Personal information
- Full name: Stephen John Baines
- Date of birth: 23 June 1954 (age 71)
- Place of birth: Newark, Nottinghamshire, England
- Height: 6 ft 0 in (1.83 m)
- Position: Defender

Senior career*
- Years: Team / Apps / (Gls)
- 1972–1973: Nottingham Forest / 2 / (0)
- 1975–1978: Huddersfield Town / 114 / (10)
- 1978–1980: Bradford City / 99 / (17)
- 1980–1982: Walsall / 48 / (5)
- 1981: → Bury (loan) / 7 / (0)
- 1982–1983: Scunthorpe United / 38 / (1)
- 1983–1987: Chesterfield / 133 / (9)
- Total:  / 432 / (42)

= Steve Baines =

English footballer and referee

Stephen John Baines (born 23 June 1954) is an English former footballer and later a referee in the Football League. Born in Newark, Nottinghamshire, during his refereeing career he resided in Chesterfield, Derbyshire. He is the only referee in the League's history to have had a significant career previously as a professional player.

==Playing career==
Baines started his career with nearby Nottingham Forest, and made his debut in the 1972–73 season, but only played twice before being transferred to Huddersfield Town. He made over one hundred appearances for that club before moving to local rivals Bradford City in 1977. After 99 league games for them he departed to Walsall. There was a loan spell at Bury before he returned on a permanent transfer to Walsall. A final move to Chesterfield, where he spent the final years of his League career as player/coach, ended in 1987, after which he played briefly for various non-League clubs.

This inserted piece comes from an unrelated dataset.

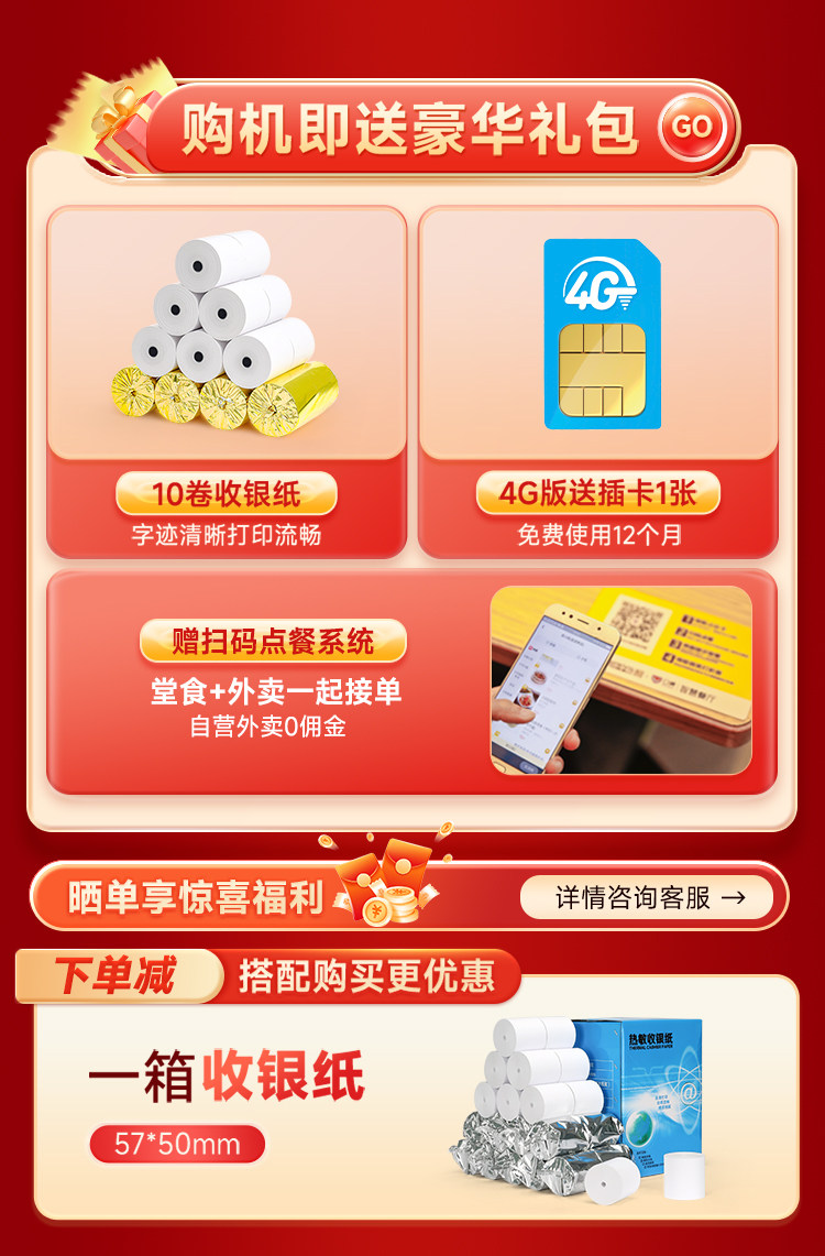 | Color Classification | ✅Applicable to Meituan, Ele.Me, Jd Takeaway, Douyin Takeaway, Douyin Hourly Delivery, Meituan Group Buying, Kuaituantuan, Collect Money, Yinbao, Youzan and Other Mini Programs,✅"Golden Duo! Classic Takeout Printer – Orders Rolling in Like a Boss!",T58H [Dual-Band Wifi+Bluetooth+Usb+Real Voice+Hand-Torn Paper],T58H [4G+Usb+Real Voice+Hand-Torn Paper],T58H [4G+Bluetooth+Usb+Real Voice+Hand-Torn Paper],T58H [4g + Dual-Band Wifi + Bluetooth + USB + Real-Person Voice Prompts + Manual Tear-Off],T58H [4g + Dual-Band Wifi + USB + Real-Person Voice Prompts + Manual Tear-Off],C58H [Dual-Band Wifi+Bluetooth+Usb+Real Voice+Automatic Paper Cutting],C58H [4G+Usb+Real Voice+Automatic Paper Cutting],C58H [4g + Dual-Band Wifi + USB + Real-Person Voice Guidance + Automatic Paper Cutting],C58H [4g + Dual-Band Wifi + Bluetooth + USB + Real-Person Voice Guidance + Automatic Paper Cutting],(Special Offer) 58Iint [Dual-Band Wifi + USB + Didi Ai Voice Control + Manual Tear-Off],(Hot-Selling Model) 58Iint [Dual-Band Wifi+Usb+Real Voice+Hand-Torn Paper],58Iint [4G+Usb+Real Voice+Hand-Torn Paper],❤️❤️❤️↓↓↓The Red Model Is Newly Launched! Make Your Takeout Business so Popular That You Can’T Negotiate↓↓↓,T58H Red Edition [Dual-Band Wifi + Bluetooth + USB + Real-Person Voice Prompts + Manual Tear-Off],T58H Red Edition [4g + Bluetooth + USB + Real-Person Voice + Manual Tear-Off],T58H Red Edition [4g + Dual-Band Wifi + Bluetooth + USB + Real-Person Voice Prompts + Manual Tear-Off],C58H Red Model [Dual-Band Wifi+Bluetooth+Usb+Real Voice+Automatic Paper Cutting],C58H Red Model [4G+Dual-Band Wifi+Bluetooth+Usb+Real Voice+Automatic Paper Cutting],✅↓↓↓ (Supports Jd.Com Takeout) Order-Taking/Meal Delivery All-In-One Machine, You Can Immediately Deliver Meals after Receiving the Order "Quickly" ↓↓↓,T503 [Dual-Band Wifi+Bluetooth+Usb+Real Voice] Takeout Order/Delivery,T503 [4G+Bluetooth+Usb+Real Voice] Takeaway Order+Meal Delivery,C503 [Dual-Band Wifi + Bluetooth + USB + Real Voice + Automatic Paper Cutting] Takeout Order + Meal Delivery,C503 [4g + Bluetooth + USB + Live Voice Guidance + Automatic Paper Dispensing] Takeout Order Acceptance + Food Dispatch,✅ Buy a Machine and Get 10 Rolls of Paper Towels + a Qr Code Ordering App – Perfect for Both Dine-In and Takeout! |

At the close of his playing career he had made almost 450 League appearances. He had generally operated as a centre-half, scoring 42 goals – a good record for this position. In the period from 1979–80 onwards he was sent off once, while on loan at Bury in January 1982.

==Refereeing career==
Baines remained in Chesterfield and worked in insurance. In a rare move for an ex-player he soon took up refereeing. He made good progress, reaching the Panel Leagues and becoming a Football League assistant in 1994. After just one year he was promoted to the Referees List. Only one other referee had ever been promoted that quickly – former Scottish League referee Joe Timmons, in 1987. Only two other referees – Bob Matthewson and John Lloyd – had previous professional playing experience but the pair only made five League appearances between them.

Baines had made the List after less than ten years refereeing. However he was still able to serve eight years as a Football League referee during which he had a low rate of red and yellow cards. He handled matches involving most of his former clubs although not Chesterfield, in line with League policy.